Here’s the letter I sent to Congressman Jim McDermott regarding the SOPA bill that is going through Congress tomorrow.  I urge you to contact your Congress person as well.

If you don’t know anything about SOPA, please check out this open letter here.  And while I hate to be on the same side as Michelle Bachmann in anything I’ll take all the help we can get at this moment.

Find your personal rep’s contact information here.

Please, please read this letter. 

As a freelance writer I create content for various places and am one of those people who have to worry about the content I create being stolen.  Supposedly, SOPA is designed to protect me.  But I am adamantly against this bill.

The internet thrives on freedom: it’s what allows such marvelous sea changes to happen so quickly.  No one twenty years ago could have visualized the world that we’re currently living in, and a lot of that is because of the internet and the chances it gives us to be and do whatever we want.  We’re truly living in a science fiction reality, a marvelous place where anything is possible. 

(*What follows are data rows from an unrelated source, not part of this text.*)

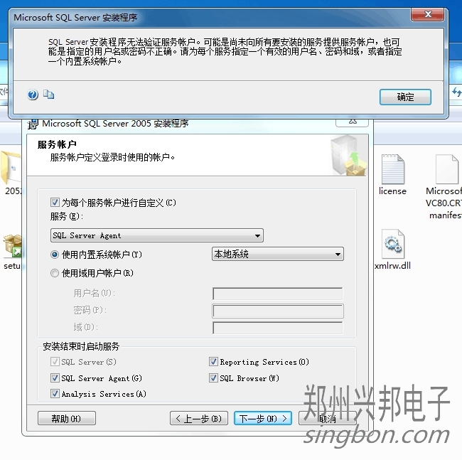 客戶使用的我們的局域網(wǎng)一卡通食堂售飯機,在安裝SQL Server2005時提示安裝程序無法驗證服務帳戶。這是怎么回事呢?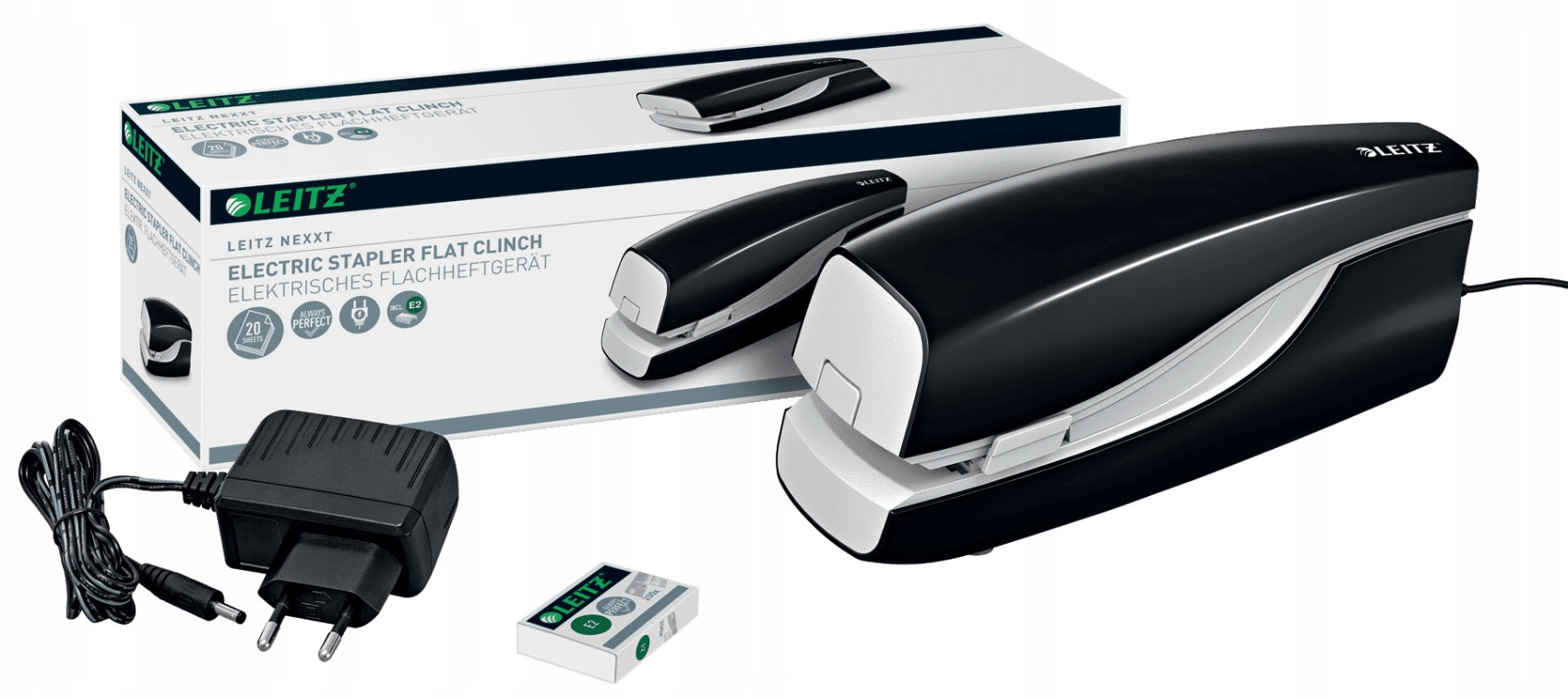 Stosowanie zszywek Leitz E2 przeznaczonych do zszywaczy elektrycznych zapewnia brak zaciec i perfekcyjne rezultaty zszywania za kazdym razem.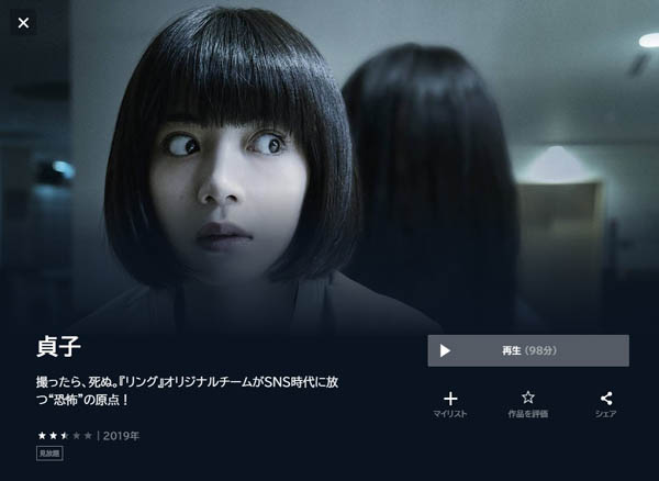 U-NEXTで映画「貞子」の動画を無料トライアルでフル視聴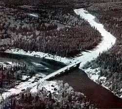 Although the jurisdiction of the soon-to-become Department of Highways did not extend beyond Pembroke, a rough trail continued to North Bay, and a trunk road constructed by the Department of Northern Development beyond there to Sault Ste. Marie by 1923, roughly following the route of Highway 17 today.[4] The Pembroke and Mattawan Road Colonization Road was constructed between 1853 and 1874 to encourage settlement in the Upper Ottawa Valley.[7][8] Between Mattawa and North Bay, many aboriginals and early settlers made use of the Mattawa River, the headwaters of which lie just north of Lake Nipissing. From there they would travel down the French River into Georgian Bay and onwards to Lake Superior. Highway 17 between Mattawa and Sault Ste. Marie roughly traces this early voyageur route.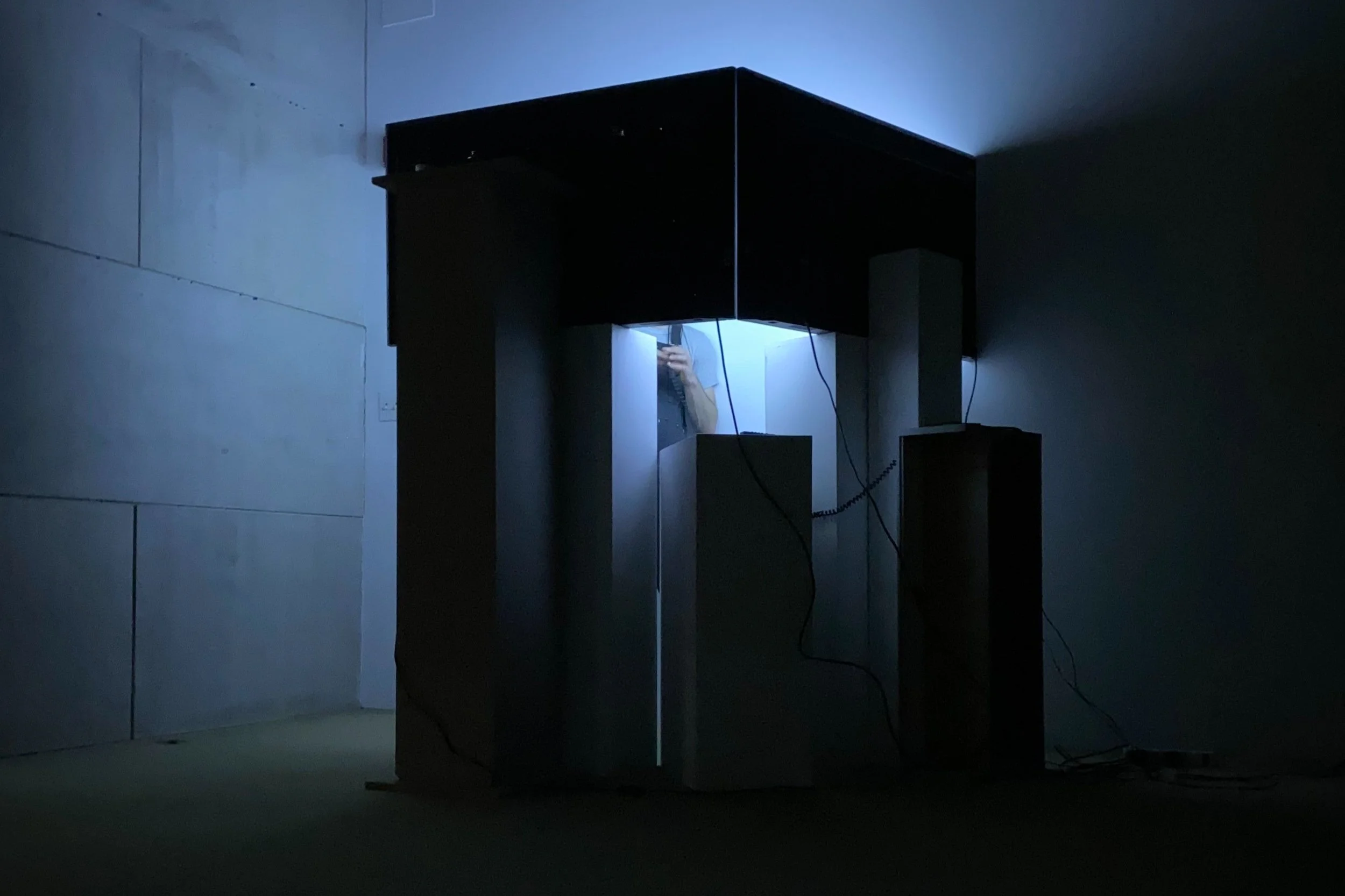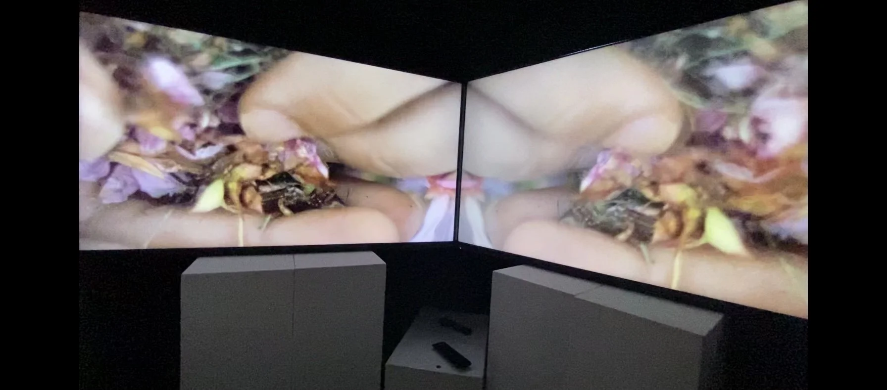 Intimately Removed (2021) is an immersive video installation about touch and intimacy. The viewer steps into an enclosed space, cornered by two large eye-level monitors playing mirrored extreme close-up footage, while they listen to the accompanying sounds on noise canceling headphones. The video is a montage of shots showing touch between natural elements (light, wind, water, fire), machines, nature, and humans. This installation creates an experience for the viewer that is overwhelmingly visceral, as they are visually and sonically experiencing touch. Yet, there exists a layer of alienation, since the viewer is alone and very removed from the content of the video. This paradox comments on existence and experience, and the growing human disassociation with both.

Right now, the internet is a hopeful place, where anyone can make it, where anyone can work to change the world.  Sites like Kickstarter let me support small, unusual projects as a producer, something I would never have enough money to do regularly.  Places like Yelp help small businesses thrive through word of mouth rather than large advertising budgets.  And new innovations like the applications in the Google and Apple app stores allow unknown developers to create wondrous new things.

SOPA would change that.  Innovation might still occur, but rather than happening in the United States it will happen elsewhere.  The new Facebooks and Googles will not happen here, they will happen abroad.  And once we fall behind the curve I fear we will never, ever be able to catch up.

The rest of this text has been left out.